# help with custom prices



## ccellmer (May 21, 2010)

As I am brand new to the custom work, I'd appreciate any insight on quoting fair prices. I do this as a hobby, but also must make enough to pay for equipment loans through fsa. For custom swathing I was thinking 15$/acre
For baling I was thinking $8/acre
I live in Northwest KS so any #'s advice for the midwest would be appreciated.


----------



## downtownjr (Apr 8, 2008)

Welcome to the community. I have put a few links to some sites that are most helpful to me. Of course you may have to adjust a bit for your area.

http://www.extension.iastate.edu/agdm/crops/pdf/a3-10.pdf

http://www.ca.uky.edu/cmspubsclass/files/extensionpubs/departmentseries/aec2010-03.pdf

http://www.nass.usda.gov/Statistics_by_State/Kansas/Publications/Custom_Rates/custom09.pdf

The KY one states it used some Kansas surveys. Good luck and best wishes for a safe and profitable hay season.


----------



## man of steel (Feb 1, 2010)

Mower/conditioner $15acre
Tedding $8.50 acre
Raking $8.50 acre
4x5 round net $8 bale


----------



## haybaler101 (Nov 30, 2008)

man of steel said:


> Mower/conditioner $15acre
> Tedding $8.50 acre
> Raking $8.50 acre
> 4x5 round net $8 bale


and cold beer on hand for the evening--PRICELESS


----------



## Blue Duck (Jun 4, 2009)

15$/acre sounds about right for cutting but everyone around here charges by the bale for baling. Last year I think they were charging around $12/bale (5x6 bale). The only custom work I do is small squares and in this area you have to add a little to the price of cutting or baling to cover the expense of raking.

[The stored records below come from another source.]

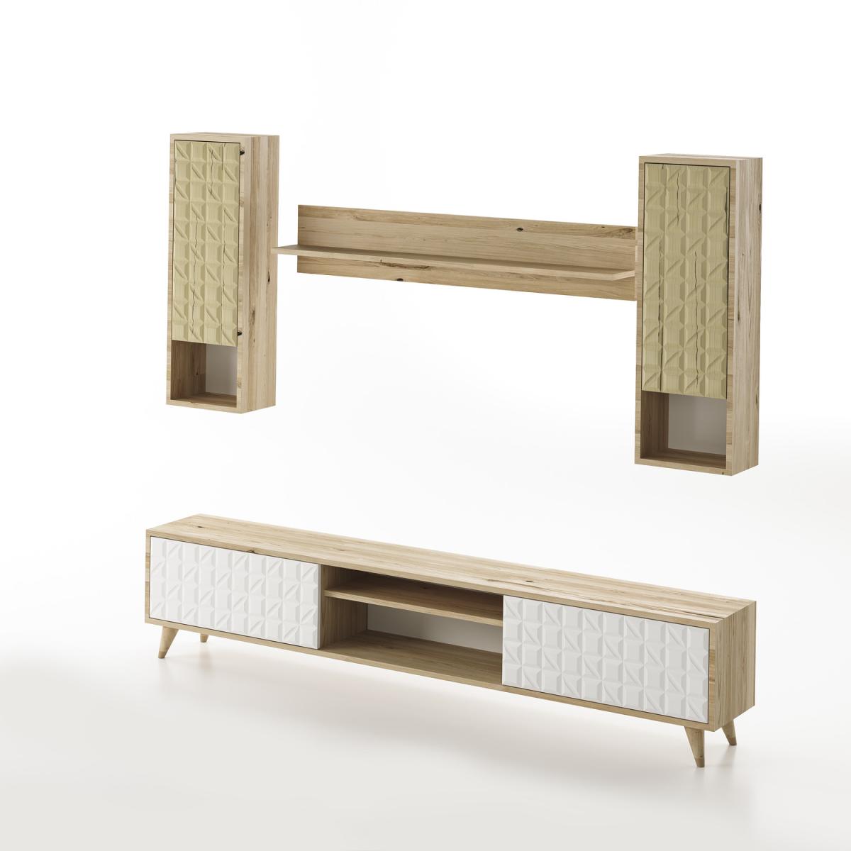 4-piece media/entertainment set. A large 2-door TV cabinet with ample storage for your media and everyday items, featuring large open media player shelves and finished with engraved doors. The unit comes with 2x 1 door wall-hung cabinet and a matching large shelf. Delivered flat packed, assembly required.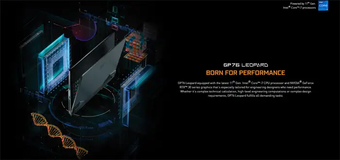 Đúng vậy, Laptop MSI GP76 Leopard 11UG 280VN được trang bị bộ vi xử lý CPU Intel Core i7 thế hệ thứ 11 mới nhất với mã hiệu là [Intel Core i7-11800H (upto 4.60GHz, 24MB)] cùng đồ họa tích hợp GPU NVIDIA GeForce RTX 30 series với mã hiệu là NVIDIA GeForce RTX 3070 8GB GDDR6 đặc biệt phù hợp với các nhà thiết kế kỹ thuật cần hiệu suất. Cho dù đó là tính toán kỹ thuật phức tạp, tính toán kỹ thuật cấp cao hay các yêu cầu thiết kế phức tạp, Laptop MSI GP76 Leopard 11UG 280VN đều đáp ứng mọi nhiệm vụ khắt khe.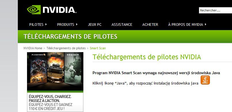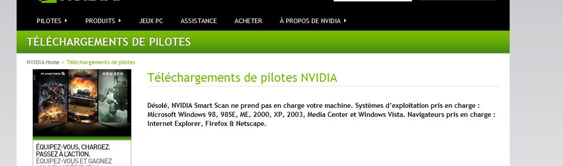 | Dire merci | Lien Tu cliques sur "lancer la détection", puis tu installes le plugin (ça va très vite), et tu reviens sur le site pour Lancer la Détection. Tu vas avoir une liste de tous les pilotes qui ne sont pas à jour, avec des liens pour télécharger les pilotes les plus récents (évite les pilotes Bêta, quand il y a un pilote en Bêta le site t'en propose toujours un autre plus abouti et testé, prend celui là). Il ne te reste qu'à télécharger ton pilote de carte graphique et à l'installer manuellement. (Tu auras aussi le modèle exact de ta carte graphique, et de tous tes autres matériaux, c'est vraiment très pratique). |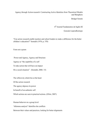 Bridget Somek explores how action research can enable teachers and school leaders to positively impact children's education. Somekh defines agency as "the capability of a self to take action that will have an impact on a social situation." The reflexivity at the heart of action research allows agency to empower an authentic self through practical actions. Examining human behavior at a group level through "dilemma analysis" can help identify conflicts between values and practices to find better alignments. A multi-self understanding recognizes that individuals develop a complete self through engagement with both their personal views and the perspectives of others in their community.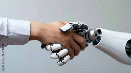 A close-up of a human hand shaking a robot hand, representing future collaboration, technology integration, and AI partnerships.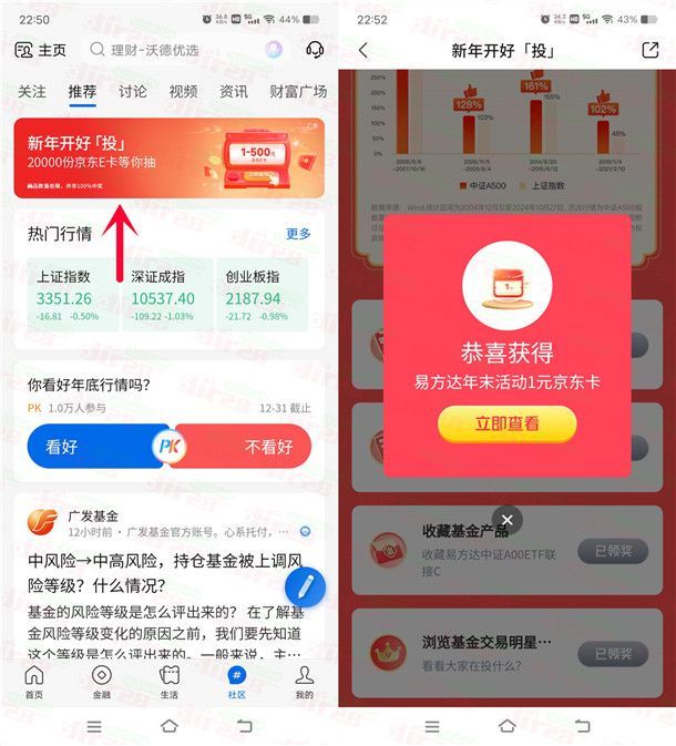 参加交通银行举办的新年开好投好礼来相送抽2万份京东卡活动,通过打开交通银行APP,点底部“社区”再点顶部滚动图“新年开好投”进去,下拉到底完成4个简单的任务可以抽奖4次,有机会中到1-500元京东卡,小编测试刚中1元秒到,非必中。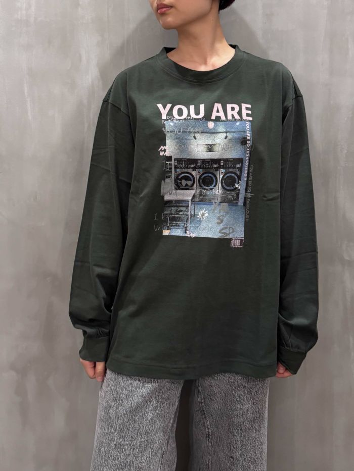 アート性とストリート感を融合させたグラフィックロングスリーブTシャツ。フロントに配された「YOU ARE」のタイポグラフィと、ヴィンテージライクなフォトコラージュプリントが印象的で、まるでアートピースのような存在感を放ちます。90年代カルチャーを感じさせるデザインは、トレンドのレトロムードを自然に取り入れたい方にもおすすめです。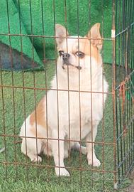 Disponibile per monta bellissimo esemplare di chihuahua Toy con pedigree ENCI colore bianco arancio molto iper tipico, musetto corto e testa a mela.

Most customers around here don't want to pay extra for raking.


----------



## lewbest (Dec 9, 2009)

Just curious (I have no plans to do any custom work; just my own) how do you determine the charge in a field (particularly if it's odd shaped)? Do you just go by what the customer says it is? Meaure it some way? Estimate it by number of bales? I know I can't "guestimate" field sizes at all accurately.

Lew


----------



## mlappin (Jun 25, 2009)

I go by what the customer says, course I also go and look at it first, and if the customer is obviously wrong I just don't do it. For the most part I've found if they say a 20 is a 15, there is no point in arguing over it and I just pass on em and let the next guy haggle with the owner.

12-14 an acre for mowing
6 an acre for tedding
6 an acre for raking
8.50 a 4x5 bale with net.
If acid is used, I charge what it will cost to replace the amount used, not what the pre paid price that I actually paid for it.


----------



## man of steel (Feb 1, 2010)

lewbest said:


> Just curious (I have no plans to do any custom work; just my own) how do you determine the charge in a field (particularly if it's odd shaped)? Do you just go by what the customer says it is? Meaure it some way? Estimate it by number of bales? I know I can't "guestimate" field sizes at all accurately.
> 
> Lew


Here's a measuring site plus I have a Garmin Etrex Legend that will measure acres

Web Soil Survey - Home


----------



## man of steel (Feb 1, 2010)

haybaler101 said:


> and cold beer on hand for the evening--PRICELESS


I try to hold my hand in the shape of a beer bottle at all times


----------